Chen Zhihui: Politically, we were carelessly unalert, and we
had no idea that the security apparatus had been following us since
our performance of Madame White Snake. After the NTU Guangming Daily
and Keelung Middle School were both sniffed out, countless bright eyed youths
were detained. Only then did Dr. Guo Xiucong and I flee Taipei to dodge
arrest.16
Dr. Guo Xiucong was such a workaholic! We had fled to avoid persecution,
but wherever he went, he connected with the local organization and continued
working.17 We passed
through Taichung, Tainan, Kaohsiung, and Lanyang and visited almost every single
indigenous village. Later, I started to miss our newborn, and Dr. Guo Xiucong
had to take me back to Taipei.
Somebody must have turned on us. When we returned home, that night, intelligence officers surrounded the four corners of our home. I once again left behind our 6 month old newborn, we escaped through an underground tunnel in his house. I heard our neighbors cover for us, telling the spies, “I heard they went to the Mainland.”
Cai was arrested at the end of April, 1950. At the time, we had no idea. It was only after we were detained and thrown in jail that I found out that Cai had confessed to everything. He was the first to snitch on Dr. Guo Xiucong. I’m not sure if Dr. Guo knew about this, and I’m even less sure about how he would take the news. His ideological mentor, his political role model turned him in! How could you explain that?

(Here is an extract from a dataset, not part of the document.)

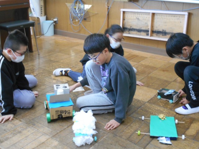 材料の色や形、仕組みを工夫して夢の乗り物を作ります。

Cai Hanting: That afternoon, we were detained. I filled out the paperwork and handed over my clothes, belt, shoes to the police for a strip search. I entered the cell, and behind me I heard the loud thud of an iron door closing. Right then and there, I was paralyzed in fear.
I leaned on the wall by the cell door. Suddenly, I saw a man leave a narrow cell, dragging his feet along the corridor. He held on to the wall for support as he slowly limped his way out. I saw blood flowing down his legs, which were red and swollen. It was here that I saw those shining eyes behind the glasses.
“Ah! Brother Guo!” I couldn’t help but call out his name. In silence, it was those eyes of his in their resolute compassion that brought peace to my state of shock. The police escorted him out, still limping.
“Enough is Enough”
In the detention center, Cai’s cell was diagonal from ours. When he was called out for questioning, nearly every single detainee booed him as he walked past their cells. But not Brother Guo. He didn’t show a trace of malice towards Cai. Not only did he refuse to curse at Cai, unlike the rest of us, he once even told me that Cai was the person he respected the most in this world.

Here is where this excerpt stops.